■ DATASET SECTION
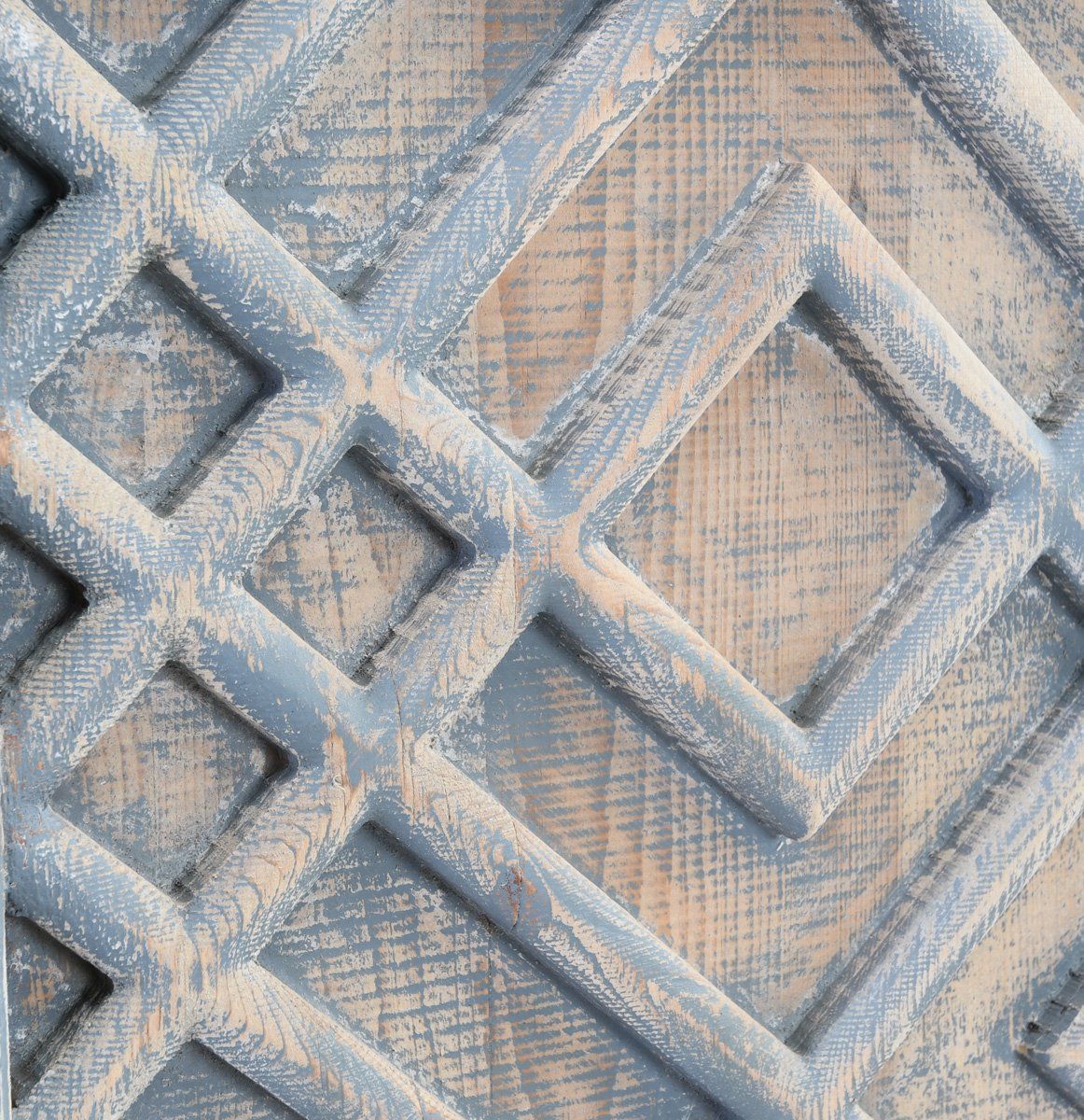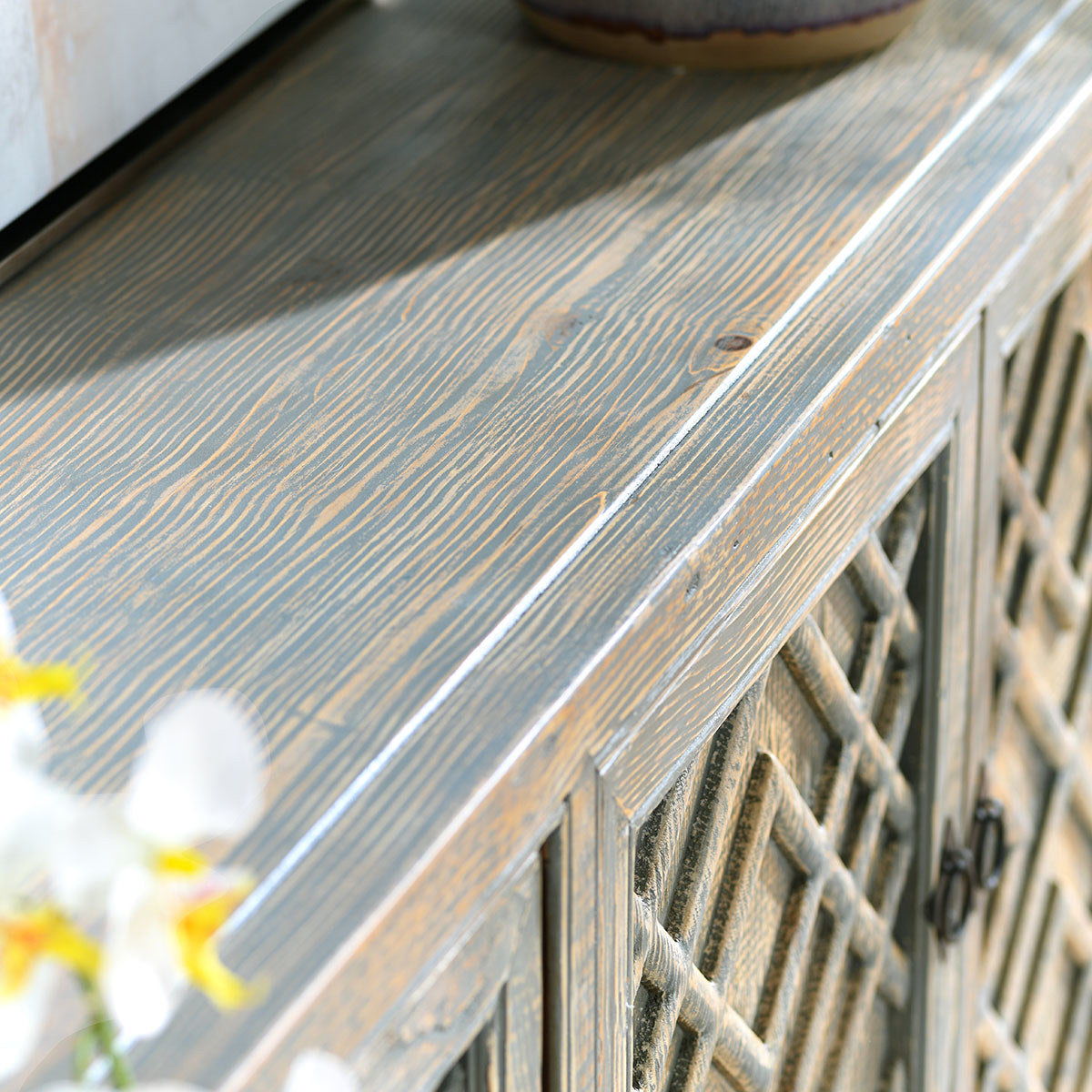 Featuring reclaimed pine with a vintage finish the Antigua 4Dr Sideboard in distressed blue warms living areas with an heirloom feel. Hand finished and hand carved this sideboard is perfect for interiors in need of distinguished pieces with plenty of character.
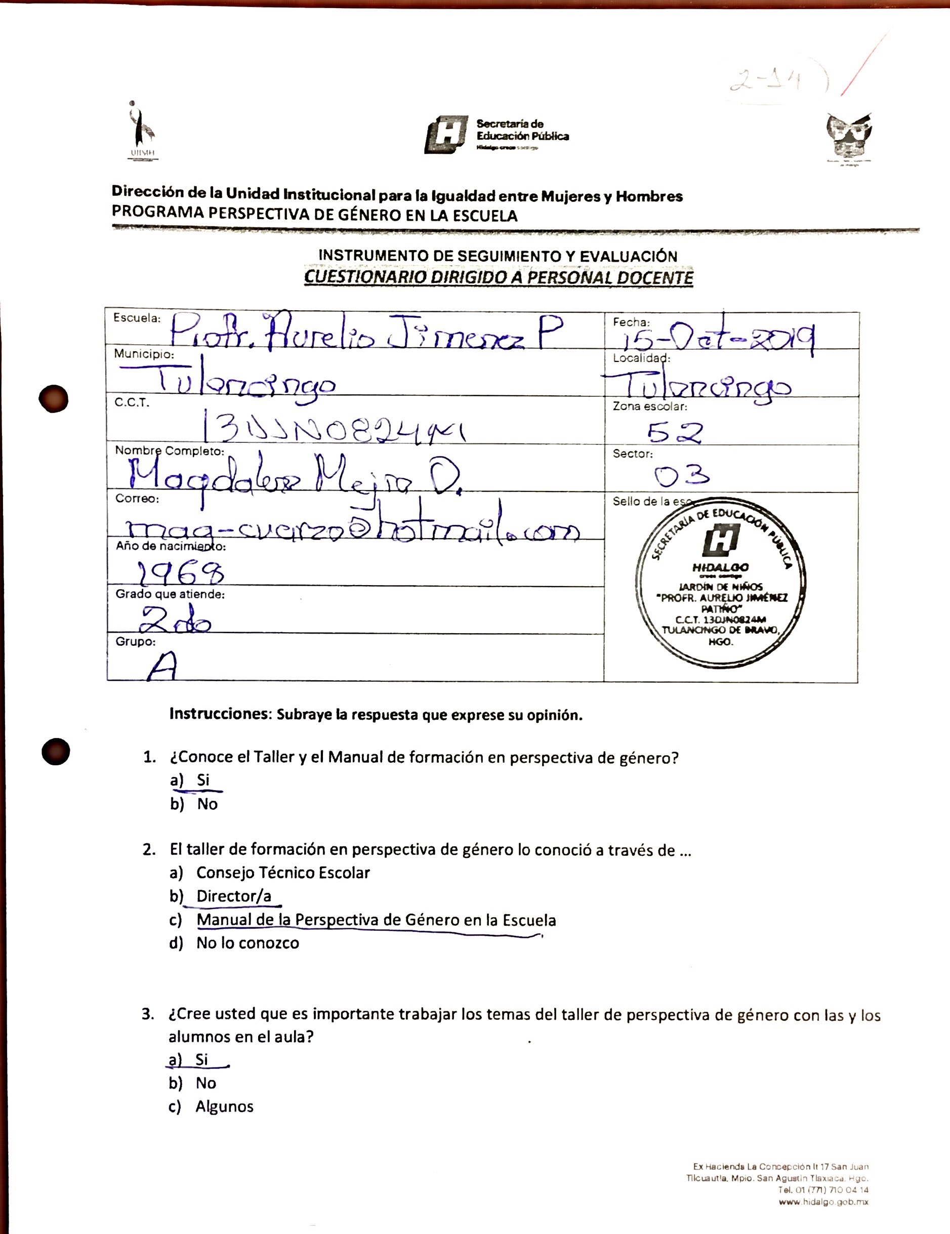 Preescolar Aurelio Jimenez Tulancingo Directivo Vuelta
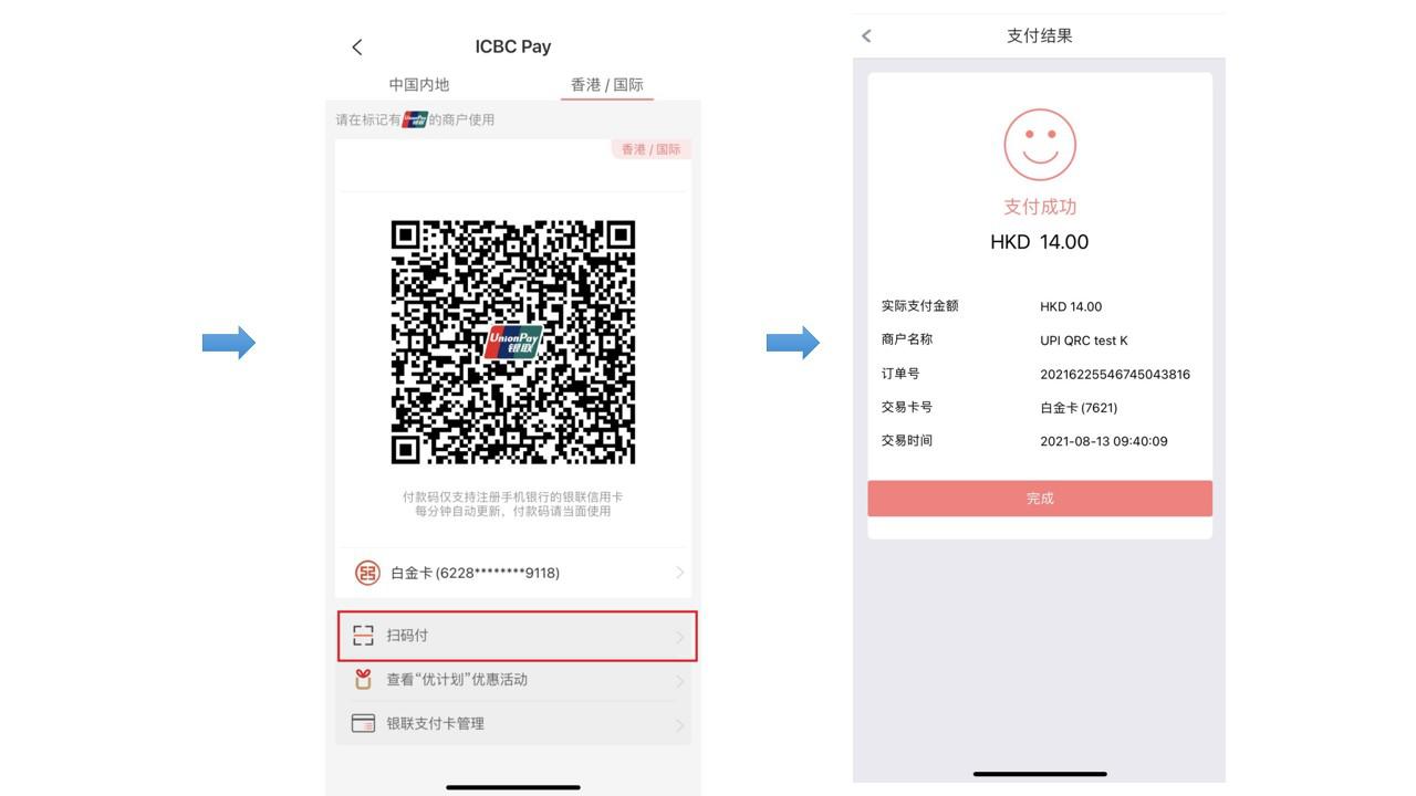 若客户在中国内地标记有银联的商户使用ICBC Pay,请选择「中国内地」付款二维码/扫码付;若客户在中国香港及海外地区(非中国内地)标记有银联的商户使用ICBC Pay,请选择「香港/国际」付款二维码/扫码付。

■ DESCRIPTION OF THE TASK
Retype the line containing "Preescolar Aurelio Jimenez" and all lines after it through the end of the material, exactly and only those, leaving out pictures.

■ RESULT OF THE TASK
 Preescolar Aurelio Jimenez Tulancingo Directivo Vuelta
 若客户在中国内地标记有银联的商户使用ICBC Pay,请选择「中国内地」付款二维码/扫码付;若客户在中国香港及海外地区(非中国内地)标记有银联的商户使用ICBC Pay,请选择「香港/国际」付款二维码/扫码付。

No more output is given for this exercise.